Written on March 28, 2025
A 47-year-old woman with metastatic cerebral carcinoma developed marked tachypnoea (43–48 breaths min⁻¹) and apparent ventilator asynchrony after an episode of regurgitation while receiving pressure-controlled ventilation. This report summarises the clinical findings, analyses the potential mechanisms of patient–ventilator dyssynchrony, and proposes a structured, evidence-based management algorithm.
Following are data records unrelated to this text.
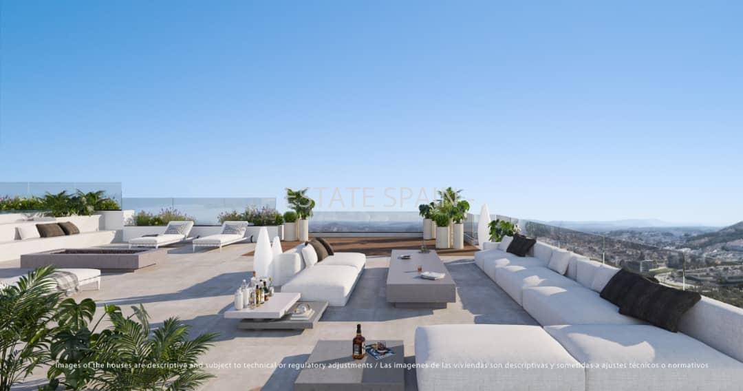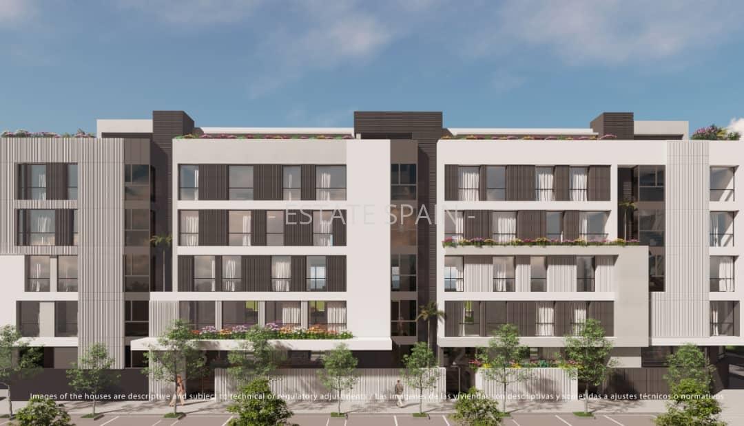 Новые апартаменты в Михасе, Андалусия, Коста-дель-Соль. В апартаментах площадью 68 кв.м есть cпальня, санузел, гостиная и кухня. На территории есть сад.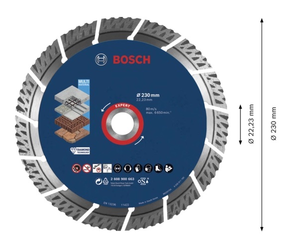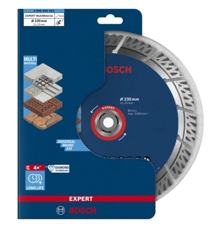 - Με αυτόν τον συνδυασμό βέλτιστων κόκκων διαμαντιού και προηγμένου σχεδιασμού, ο διαμαντόδισκος κοπής Bosch EXPERT MultiMaterial προσφέρει απαράμιλλη μακροζωία.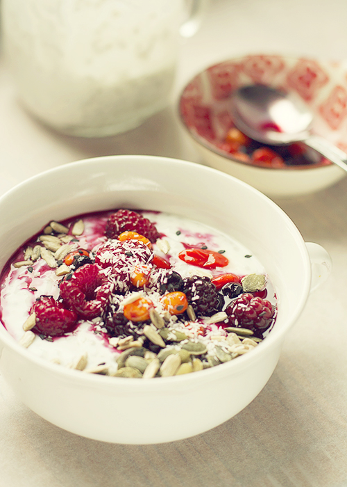 Wymieszaj chia z jogurtem, przykryj i wstaw do lodówki na noc. Przed pójściem spać zamieszaj chiagurt. Na śniadanie dodaj do chiagurtu miód i zamieszaj. Następnie dodaj owoce i uprażone orzechy i nasiona. Całość posyp kokosowymi wiórkami.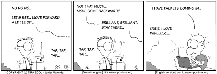 The Ecol comic strip is written for escomposlinux.org (ECOL), the web site that supports es.comp.os.linux, the Spanish USENET newsgroup for Linux. The strips are drawn in Spanish and then translated to English by the author.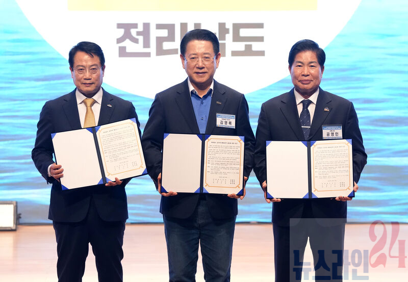 김영록 전라남도지사가 18일 여수엑스포컨벤션센터에서 열린 ‘전라남도 해상풍력 산업박람회’에 참석해 정기명 여수시장, 공영민 고흥군수와 해상풍력 보급 확대를 위한 동부권 13GW 비전선포 도-시·군 공동결의문을 발표하고 있다.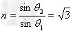 ? 由折射率定义得:n=sin45°/sin30°=1.4

The discussion emphasises protective ventilation, airway protection, neurocritical-care goals, and the importance of waveform analysis.
Variable | Observed value | Usual target / reference | Comment |
---|---|---|---|
Age / sex | 47 y, female | – | Glioblastoma with extracranial metastasis |
Cancer stage | IV (cerebral) | – | Palliative intent |
Airway | Cuffed ETT, ↓gag reflex post-regurgitation | Secured, cuff pressure 20–30 cmH₂O | High aspiration risk |
Core temperature | 37.7 °C | 36–37.5 °C | Mild pyrexia |
Set ventilator mode | P-control + pressure support | Mode choice dependent on lung mechanics | Hybrid settings |
Set P_control | 8 cmH₂O | 12–18 cmH₂O (ARDSnet low-VT) | Likely insufficient |
Set pressure support | 8 cmH₂O | 8–12 cmH₂O | Acceptable |
Set respiratory rate | 20 min⁻¹ | 16–20 min⁻¹ | Protective target |
Measured RR | 43–48 min⁻¹ | 16–24 min⁻¹ | Severe tachypnoea |
SpO₂ | (not provided) | ≥ 94 % (brain injury) | Must be confirmed |
PaCO₂ (ABG) | (awaiting) | 35–45 mm Hg | Needed to guide ICP |
The bar chart below illustrates the disparity between the programmed and observed respiratory rates, highlighting probable trigger asynchrony.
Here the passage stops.